Confirmed. The number of alternatives (N) didn’t have significant effect on ST, and log2(N+1) was not significant in the regression.

H3.:

Partially confirmed. IDVS (3) was significant in regression for ST, but the resulting R2 were lower than for movement tasks (see in [10]).

H4.:

Confirmed. ST regressions with IDVS factor were significant for both elder and younger subjects, and regression coefficients suggest that visual search task is relatively harder for seniors than movement task. This corresponds well to sharp increase (+75 %) in error level for elder participants in selection tasks.

H5.:

Confirmed. Movement and selection throughputs are relatively highly correlated per subjects, and the effects of age and experience Fitts’ throughput (TP) and TPS (see its formulation in [10]) are similar.

4 Conclusions

In our paper we raised the problem of quantifying information flows in human-computer systems, via introducing information complexity measure for user interfaces. The straightforward information entropy approach (2) has proved to be problematic in real circumstances, so we proposed to use visual search difficulty (3) to reflect the graphic user interface complexity. Search area size (S0), sought element size (S) and the number of alternatives (N) were elected as primary factors for VST, while also employing vocabulary size parameter is the goal of our next experimentation. In the result of experimentation with 28 subjects of different age groups (described in more detail in [10]), visual search difficulty was suggested as the logarithm of the ratio between S0 and S, with N not being significant.

Thus obtained mean value for proposed selection task throughput (TPS), 12.6 bit/s, seems to be consistent with established human visual processing capacity that ranges from 5 to 70 bit/s. It is known that tasks requiring deeper processing have lower capacity: perception of TV picture is at 50–70 bit/s, simple text reading – 40–50 bits/s, while text proof-reading – 18 bit/s [7, p. 62], so TPS was to be expected in the lower part of the range. However, the model is subject for further development, and we expect that the information complexity measure should be IDVS multiplied by the vocabulary size – how many kinds of different objects, i.e. interface elements, are employed on the screen.
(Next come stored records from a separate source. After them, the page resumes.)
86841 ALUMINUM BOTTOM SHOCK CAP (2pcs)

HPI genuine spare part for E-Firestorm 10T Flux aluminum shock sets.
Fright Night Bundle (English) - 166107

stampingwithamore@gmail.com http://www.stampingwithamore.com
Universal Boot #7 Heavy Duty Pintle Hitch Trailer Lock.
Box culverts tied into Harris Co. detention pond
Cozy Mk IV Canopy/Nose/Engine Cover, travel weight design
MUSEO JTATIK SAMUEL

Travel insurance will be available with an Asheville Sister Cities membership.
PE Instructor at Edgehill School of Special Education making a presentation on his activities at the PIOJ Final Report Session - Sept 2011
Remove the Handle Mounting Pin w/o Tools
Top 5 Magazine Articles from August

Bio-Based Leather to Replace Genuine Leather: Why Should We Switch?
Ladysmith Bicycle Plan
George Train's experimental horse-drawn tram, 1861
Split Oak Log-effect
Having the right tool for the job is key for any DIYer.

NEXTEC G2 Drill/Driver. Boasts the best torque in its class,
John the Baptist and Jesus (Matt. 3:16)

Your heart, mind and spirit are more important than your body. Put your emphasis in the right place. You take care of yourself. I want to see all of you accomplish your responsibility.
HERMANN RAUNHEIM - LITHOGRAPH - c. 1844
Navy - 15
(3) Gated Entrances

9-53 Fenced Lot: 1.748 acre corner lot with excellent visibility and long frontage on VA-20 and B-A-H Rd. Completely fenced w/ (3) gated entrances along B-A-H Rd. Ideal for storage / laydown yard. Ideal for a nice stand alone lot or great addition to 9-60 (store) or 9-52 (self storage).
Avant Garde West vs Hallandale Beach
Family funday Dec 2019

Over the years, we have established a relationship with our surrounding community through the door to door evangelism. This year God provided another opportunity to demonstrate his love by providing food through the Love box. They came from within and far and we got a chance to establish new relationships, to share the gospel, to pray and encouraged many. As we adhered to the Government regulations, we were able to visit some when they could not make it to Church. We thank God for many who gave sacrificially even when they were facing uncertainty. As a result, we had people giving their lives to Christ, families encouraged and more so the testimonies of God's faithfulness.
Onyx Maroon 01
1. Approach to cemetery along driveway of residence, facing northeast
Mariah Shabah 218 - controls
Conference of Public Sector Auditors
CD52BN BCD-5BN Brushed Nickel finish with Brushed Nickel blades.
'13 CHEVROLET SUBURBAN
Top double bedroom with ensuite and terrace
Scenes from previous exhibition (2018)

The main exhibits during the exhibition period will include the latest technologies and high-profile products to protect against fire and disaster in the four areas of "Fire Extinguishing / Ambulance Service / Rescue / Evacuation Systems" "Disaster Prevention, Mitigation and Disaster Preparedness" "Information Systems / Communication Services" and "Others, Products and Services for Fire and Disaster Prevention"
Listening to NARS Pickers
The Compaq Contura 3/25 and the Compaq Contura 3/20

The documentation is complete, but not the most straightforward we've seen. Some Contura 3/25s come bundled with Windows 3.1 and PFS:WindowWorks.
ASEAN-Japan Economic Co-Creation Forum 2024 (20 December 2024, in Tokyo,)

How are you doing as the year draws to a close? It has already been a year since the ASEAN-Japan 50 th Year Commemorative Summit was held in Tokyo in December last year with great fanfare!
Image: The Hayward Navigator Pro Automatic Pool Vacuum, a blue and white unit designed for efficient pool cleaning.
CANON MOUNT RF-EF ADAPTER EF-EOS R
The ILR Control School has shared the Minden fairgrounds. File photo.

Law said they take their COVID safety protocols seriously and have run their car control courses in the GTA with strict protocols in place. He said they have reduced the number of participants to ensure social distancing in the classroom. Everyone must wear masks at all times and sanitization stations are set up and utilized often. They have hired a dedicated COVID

Further development of our research implies closer analysis of the classic Kolmogorov’s algorithmic entropy and Halstead’s software “difficulty” measures.

We believe that IDVS or the enhanced information complexity measure could be used in optimization when auto-generating user interfaces, as they are independent of absolute size measurement, which is of particular importance in adaptable web interfaces or multitudinous mobile interfaces. As we noted before, greater degree of AI methods utilization for creating user interfaces may be deemed necessary to cope with the Big Interaction, caused by ever-increasing diversity of users, their tasks, interface devices and contexts of use.